ROSE2 (Rough Sets Data Explorer) is a software implementing basic elements of the rough set theory and rule discovery techniques. It has been created at the Laboratory of Intelligent Decision Support Systems of the Institute of Computing Science in Poznan, basing on fourteen-year experience in rough set based knowledge discovery and decision analysis.
All computations are based on rough set fundamentals introduced by Z. Pawlak. One of implemented extensions applies the variable precision rough set model defined by W. Ziarko. It is particularly useful in analysis of data sets with large boundary regions. Another extension implements the rough set approach based on a similarity relation, as proposed by R. Slowinski. The similarity relation is assessed from data via inductive learning.
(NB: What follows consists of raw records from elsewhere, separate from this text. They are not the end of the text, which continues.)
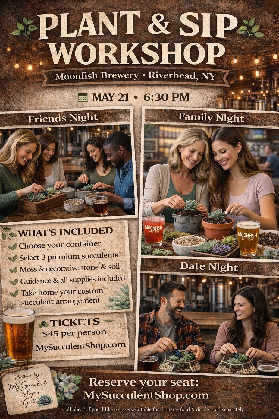 Plant and Sip event at Moonfish Brewery! $45 a ticket, can be purchased at mysucculentshop.com!
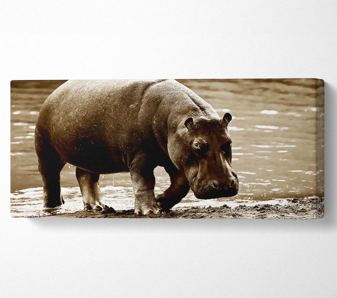 Hippopotamus Bath canvas, printed on coated polyester canvas. Mounted on to a 44mm box frame, ready to hang.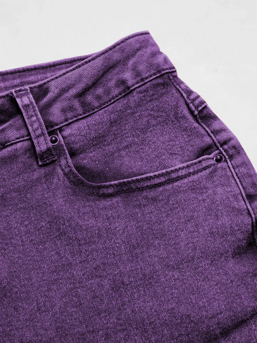 Ladies' vintage purple flared jeans. Distressed, elastic, slimming, casual, mid-rise jeans.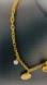 Elegant gold chain necklace featuring unique charms. Perfect for adding a touch of sophistication to any outfit.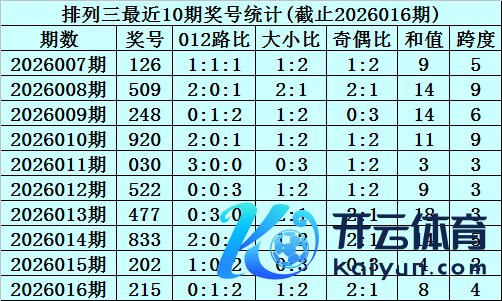 上期总结:胪列三2026016期奖号为215,奇偶比为2:1,大小比为1:2,跨度为8。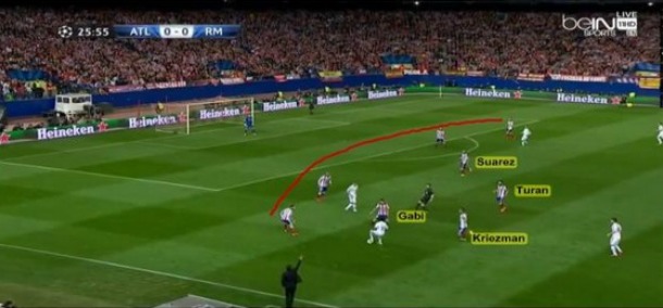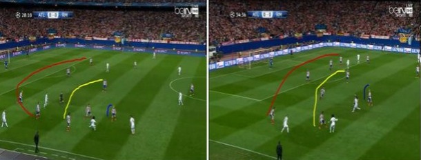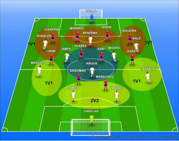Επίσης ο Carvajal ήταν αυτός που αμυντικά έκλεινε προς τα μέσα και πλαισίωνε τους 2 κεντρικούς αμυντικούς για να βοηθάει στην δημιουργία μίας σχέσης 3v2 vs Mantzukic και Griezman, μιας και όπως είπαμε ο Marcelo ήταν προσαρμοσμένος στον Turan. Οι 3 μεσαίοι + τον Bale προσαρμοζότανε στους Suarez, Gabi και Koke δημιουργώντας μία κατάσταση 4v3, και όταν ανέβαινε ο Juafran στο μαρκάρισμα του έπεφτε ο James με άμεση μετατόπιση των άλλων τριών.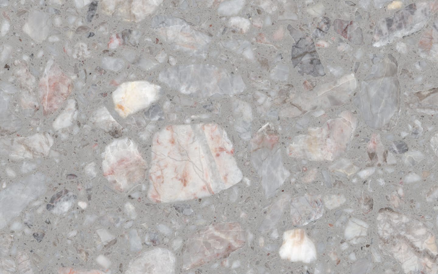 Charakterystyczne, lekko różowawe akcenty nadają materiałowi wyjątkowego charakteru, wprowadzając do wnętrza subtelne ocieplenie i luksusowy wygląd. Struktura płytki jest wyważona – dekoracyjna, ale jednocześnie spokojna i uniwersalna.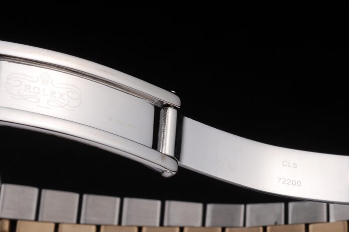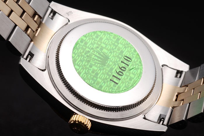 Rückseite: Edelstahl Push-Gehäuseboden mit grünen Rolex-Logo stamp
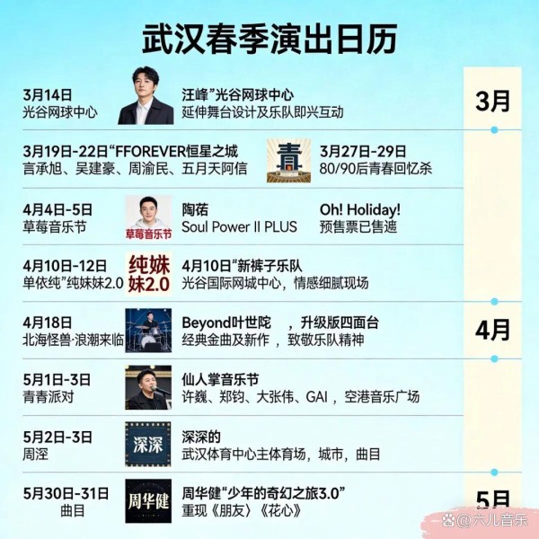 武汉演唱会2025排期表,武汉演唱会演出信息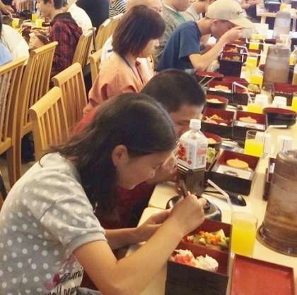 今回の修学旅行最後の食事です。みんな疲れもたまってくる頃ですが,元気に最後までおいしくいただきました。

The ROSE2 system is a succesor of RoughDAS and RoughClass systems. RoughDAS is historically one of the first successful implementations of the rough set theory, which has been used in many real life applications.
The system contains several tools for rough set based knowledge discovery, e.g.:
- data preprocessing, including discretization of numerical attributes,
- performing a standard and an extended rough set based analysis of data,
- search of a core and reducts of attributes permitting data reduction,
- inducing sets of decision rules from rough approximations of decision classes,
- evaluating sets of rules in classifiaction experiments,
- using sets of decision rules as classifiers.